• **Records shown**:
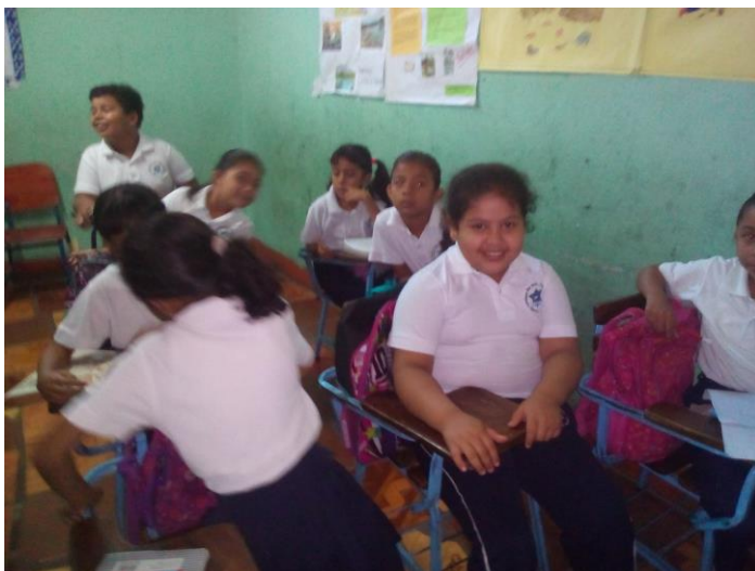
Alumnos de segundo grado a la hora de clases.
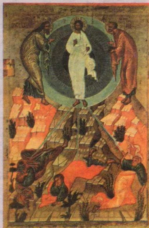
Преображение Господне. Икона, Новгород, XV век

После освящения храма священники стали замечать, что каждый год на праздник Преображения неизменно появлялось облако. Иногда облаков бывало много. Даже и в безветренную погоду они прилетали к храму и покрывали собой Фаворскую гору. Август в этой местности — самый засушливый месяц, на небе ни облачка. А тут такое чудо.
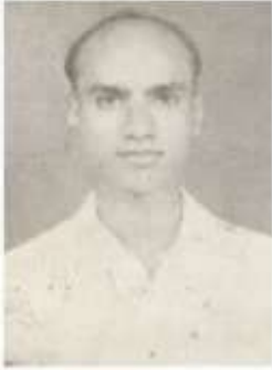
பக்தவத்சலம் ( முத்தமிழ்மணி )
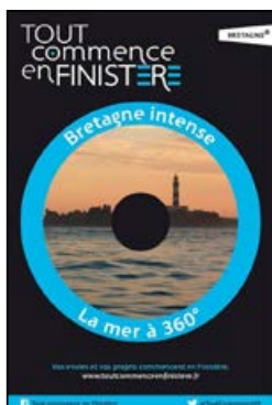
La mer à 360°
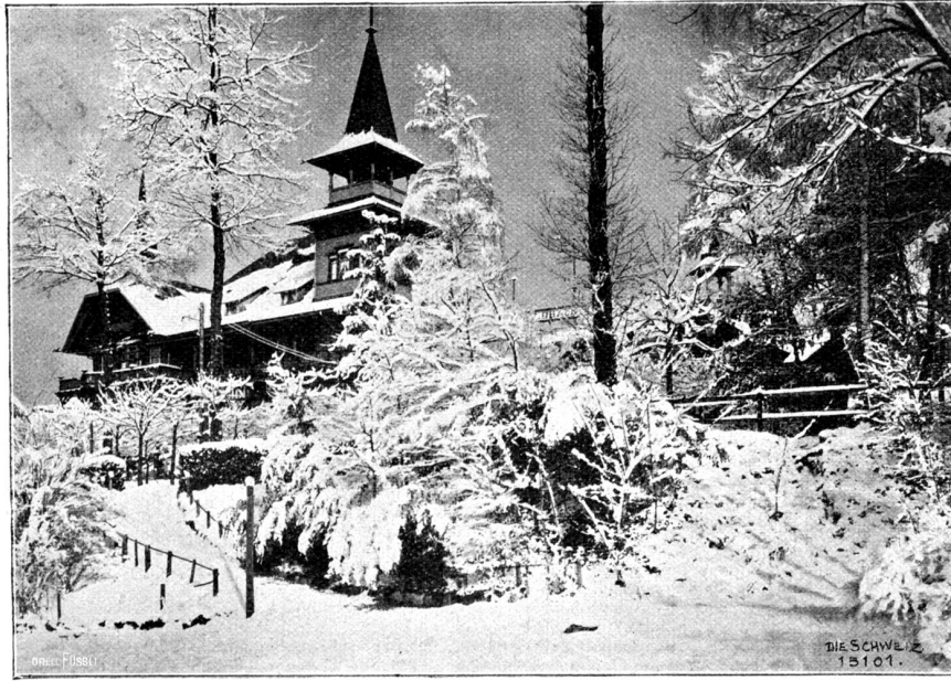
Wintermotiv (Waldhaus Dolber bei Zürich).

Ein wackliges Haupt, würde sie lächeln. Der Ratsherr, ihr Mann, ist tot; das ist jetzt schon fünfzehn Jahre her. Die Püntinerin ist selber schon sechzig.
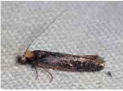
Monopis imella (Tineidae)
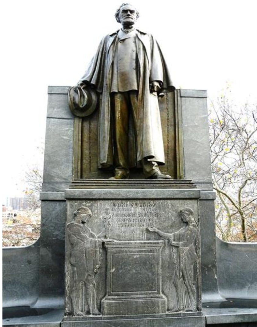
Carl-Schurz-Memorial, New York Inschrift: „Defender Of Liberty And A Friend Of Human Rights“

Notfalls könnte man sich auf die Kopie eines Kopfes dieser beiden Statuen beschränken, wobei Bitter bei dessen Gestaltung die Totenmaske des am 14. Mai 1906 in New York verstorbenen Schurz verwendet haben dürfte, die er ihm selbst abgenommen hatte (so Kessler , a.a.O., m.w.N.).
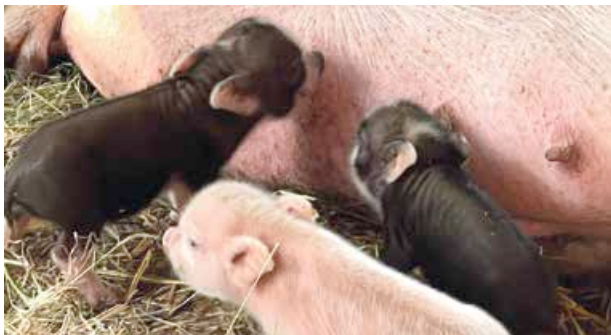
Les trois petits cochons, version Rockland Farm !

Parce que la vie à la ferme ne s'arrête jamais, il peut parfois se passer des événements heureux en cette période de Noël. Ce fût le cas à Rockland Farm qui a accueilli à la veille du réveillon sa première portée de petits cochons. Trois adorables petits porcelets dont on ne sait pas encore s'ils se prénommeront Nif-Nif, Nouf-Nouf et Naf-Naf comme dans le dessin animé de Disney. Mais c'est cela aussi la magie de Noël !
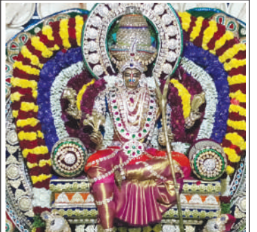
పోడుమామిళ్లలో రాజరాజేశ్వరి దేవి అలంకరణ అమ్మవారు.
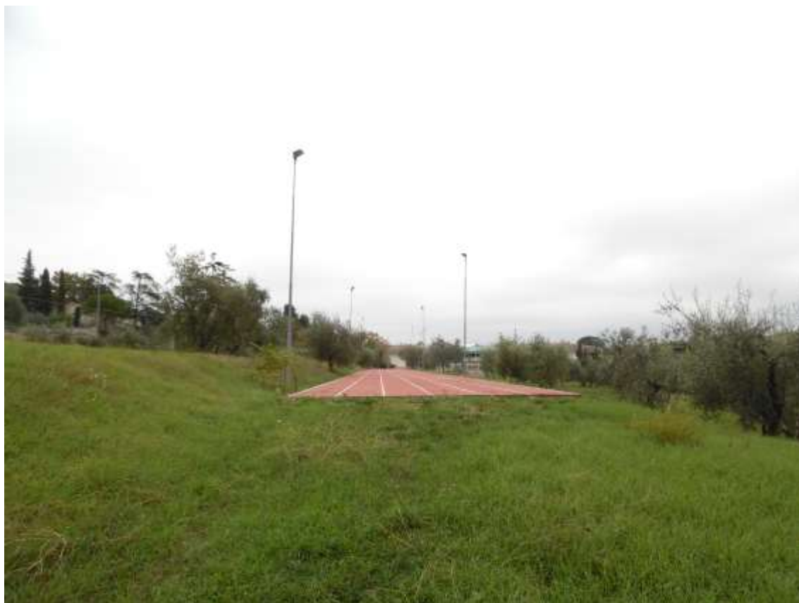
51_Vista dal fondo della pista di atletica verso il confine con Villa Ragionieri.
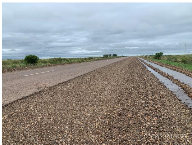
Foto 12.3-6. Tramo de Ruta 4 con bacheo terminado en media calzada.
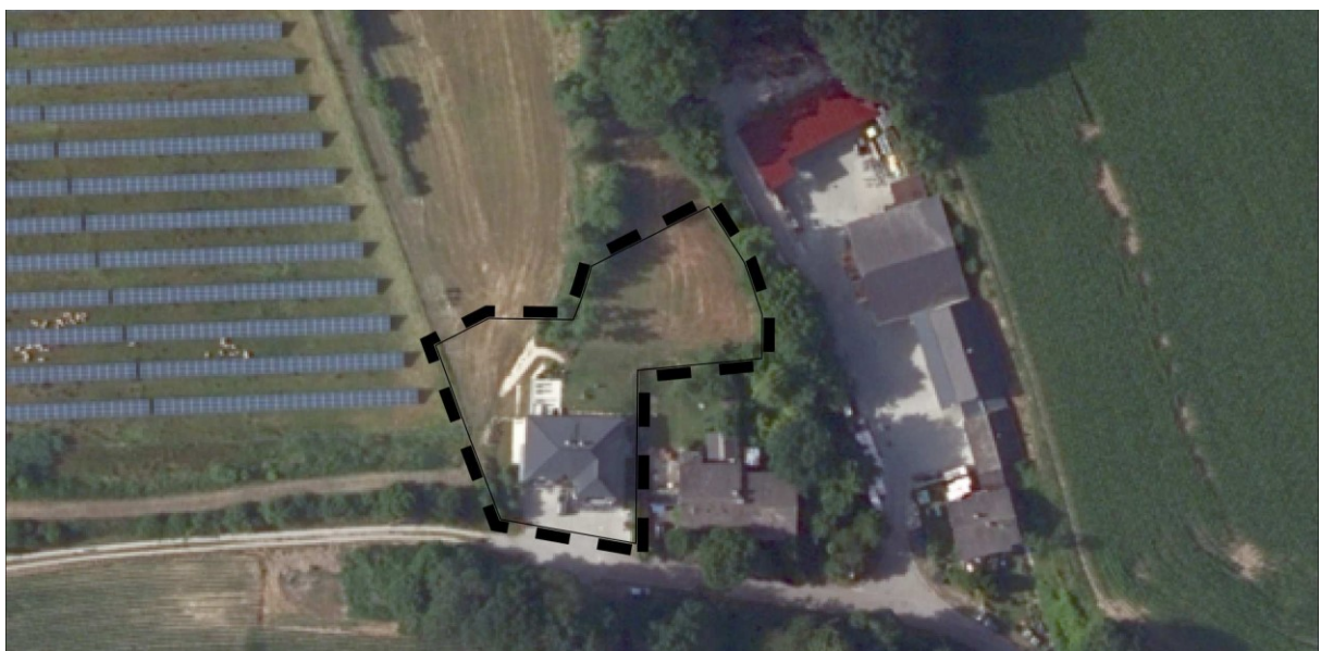
Luftbild der Bestandssituation (© Bay. Vermessungsverwaltung 2022, unmaßstäblich) mit dem Änderungsbereich
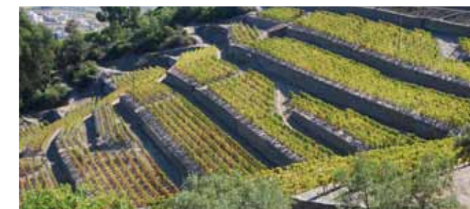
Adaptação de vinhas antigas à mecanização mantendo os muros.

Mesmo que não consiga mecanizar a vinha, procure melhorar o embardamento para facilitar os trabalhos. Poupa tempo – e tempo é dinheiro!
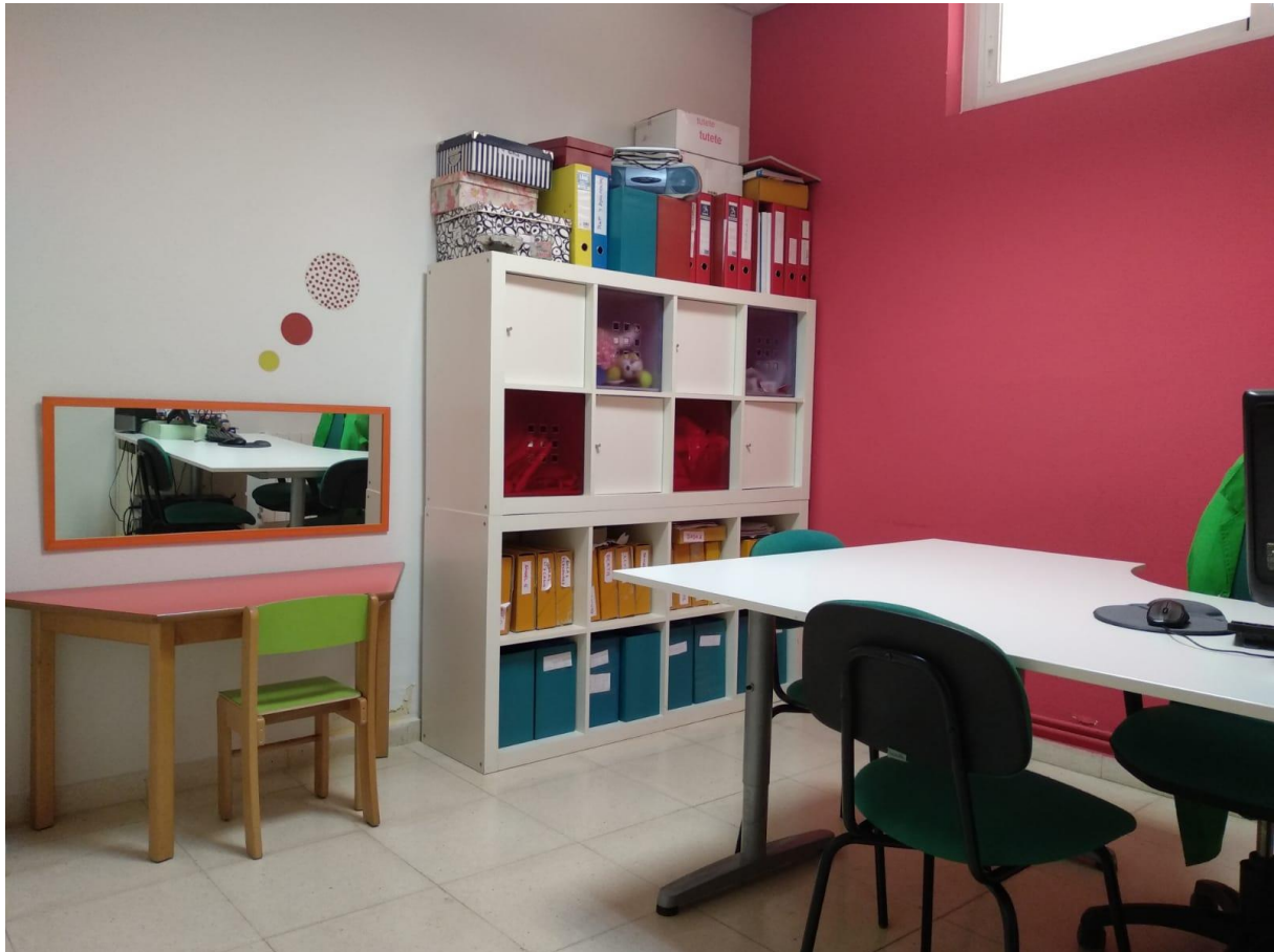
Foto 5.- Gabinete de Logopedia 3.
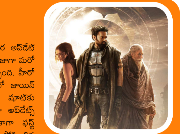
నటీనటులు సీక్వెల్ లో కనిపించబోతున్నట్లు తెలుస్తుండగా.. మేకర్స్ నుంచి అవ్వడే రావాల్సి ఉంది.

ప్రభాస్ అభిమానులతో, సైన్స్ ఫిక్షన్ షో-నర్ సినిమాలను ఇప్పడే ప్రేక్షకులు ఆసక్తిగా ఎదురుచూస్తున్న ప్రాజెక్టుల్లో ఒకటి 'కల్కీ 2898 -2' ప్రాంచైజీ. ఇప్పటికే ఫస్ట్ పార్ట్ తో బాక్సాఫీస్ ను షేక్ చేసిన ప్రభాస్-నాగ్ అశ్విన్ టీం ఇక సీక్వెల్ తో ఎంటర్టైన్ చేసేందుకు రెడీ అవుతున్నారని తెలిసింది. అయితే సీక్వెల్ ఎప్పుడు సెట్స్ పైకి వెళ్లనుమతి పాత్ర కోసం సీక్వెల్ లో ఇంకా ఏ షూటింగ్ లో పాటూ పలువురు కీలక
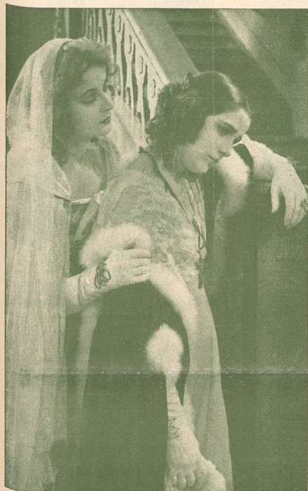
Une scène de La Légende de Gösta Berling.
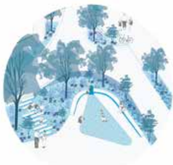
LE SQUARE DE L'EAU DE WATERSQUARE
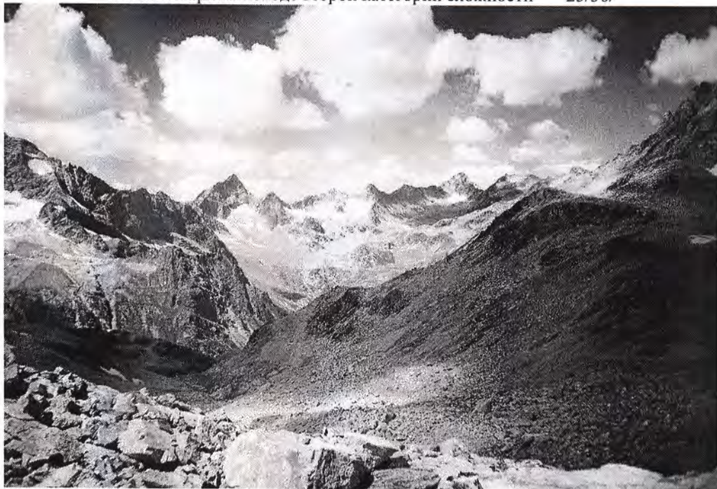
Вид от озера Искровцев на Кышкаджерский хребет

• **Work required**: Write the records above out again exactly, but not the pictures.

• **Task result**:
Alumnos de segundo grado a la hora de clases.
Преображение Господне. Икона, Новгород, XV век

После освящения храма священники стали замечать, что каждый год на праздник Преображения неизменно появлялось облако. Иногда облаков бывало много. Даже и в безветренную погоду они прилетали к храму и покрывали собой Фаворскую гору. Август в этой местности — самый засушливый месяц, на небе ни облачка. А тут такое чудо.
பக்தவத்சலம் ( முத்தமிழ்மணி )
La mer à 360°
Wintermotiv (Waldhaus Dolber bei Zürich).

Ein wackliges Haupt, würde sie lächeln. Der Ratsherr, ihr Mann, ist tot; das ist jetzt schon fünfzehn Jahre her. Die Püntinerin ist selber schon sechzig.
Monopis imella (Tineidae)
Carl-Schurz-Memorial, New York Inschrift: „Defender Of Liberty And A Friend Of Human Rights“

Notfalls könnte man sich auf die Kopie eines Kopfes dieser beiden Statuen beschränken, wobei Bitter bei dessen Gestaltung die Totenmaske des am 14. Mai 1906 in New York verstorbenen Schurz verwendet haben dürfte, die er ihm selbst abgenommen hatte (so Kessler , a.a.O., m.w.N.).
Les trois petits cochons, version Rockland Farm !

Parce que la vie à la ferme ne s'arrête jamais, il peut parfois se passer des événements heureux en cette période de Noël. Ce fût le cas à Rockland Farm qui a accueilli à la veille du réveillon sa première portée de petits cochons. Trois adorables petits porcelets dont on ne sait pas encore s'ils se prénommeront Nif-Nif, Nouf-Nouf et Naf-Naf comme dans le dessin animé de Disney. Mais c'est cela aussi la magie de Noël !
పోడుమామిళ్లలో రాజరాజేశ్వరి దేవి అలంకరణ అమ్మవారు.
51_Vista dal fondo della pista di atletica verso il confine con Villa Ragionieri.
Foto 12.3-6. Tramo de Ruta 4 con bacheo terminado en media calzada.
Luftbild der Bestandssituation (© Bay. Vermessungsverwaltung 2022, unmaßstäblich) mit dem Änderungsbereich
Adaptação de vinhas antigas à mecanização mantendo os muros.

Mesmo que não consiga mecanizar a vinha, procure melhorar o embardamento para facilitar os trabalhos. Poupa tempo – e tempo é dinheiro!
Foto 5.- Gabinete de Logopedia 3.
నటీనటులు సీక్వెల్ లో కనిపించబోతున్నట్లు తెలుస్తుండగా.. మేకర్స్ నుంచి అవ్వడే రావాల్సి ఉంది.

ప్రభాస్ అభిమానులతో, సైన్స్ ఫిక్షన్ షో-నర్ సినిమాలను ఇప్పడే ప్రేక్షకులు ఆసక్తిగా ఎదురుచూస్తున్న ప్రాజెక్టుల్లో ఒకటి 'కల్కీ 2898 -2' ప్రాంచైజీ. ఇప్పటికే ఫస్ట్ పార్ట్ తో బాక్సాఫీస్ ను షేక్ చేసిన ప్రభాస్-నాగ్ అశ్విన్ టీం ఇక సీక్వెల్ తో ఎంటర్టైన్ చేసేందుకు రెడీ అవుతున్నారని తెలిసింది. అయితే సీక్వెల్ ఎప్పుడు సెట్స్ పైకి వెళ్లనుమతి పాత్ర కోసం సీక్వెల్ లో ఇంకా ఏ షూటింగ్ లో పాటూ పలువురు కీలక
Une scène de La Légende de Gösta Berling.
LE SQUARE DE L'EAU DE WATERSQUARE
Вид от озера Искровцев на Кышкаджерский хребет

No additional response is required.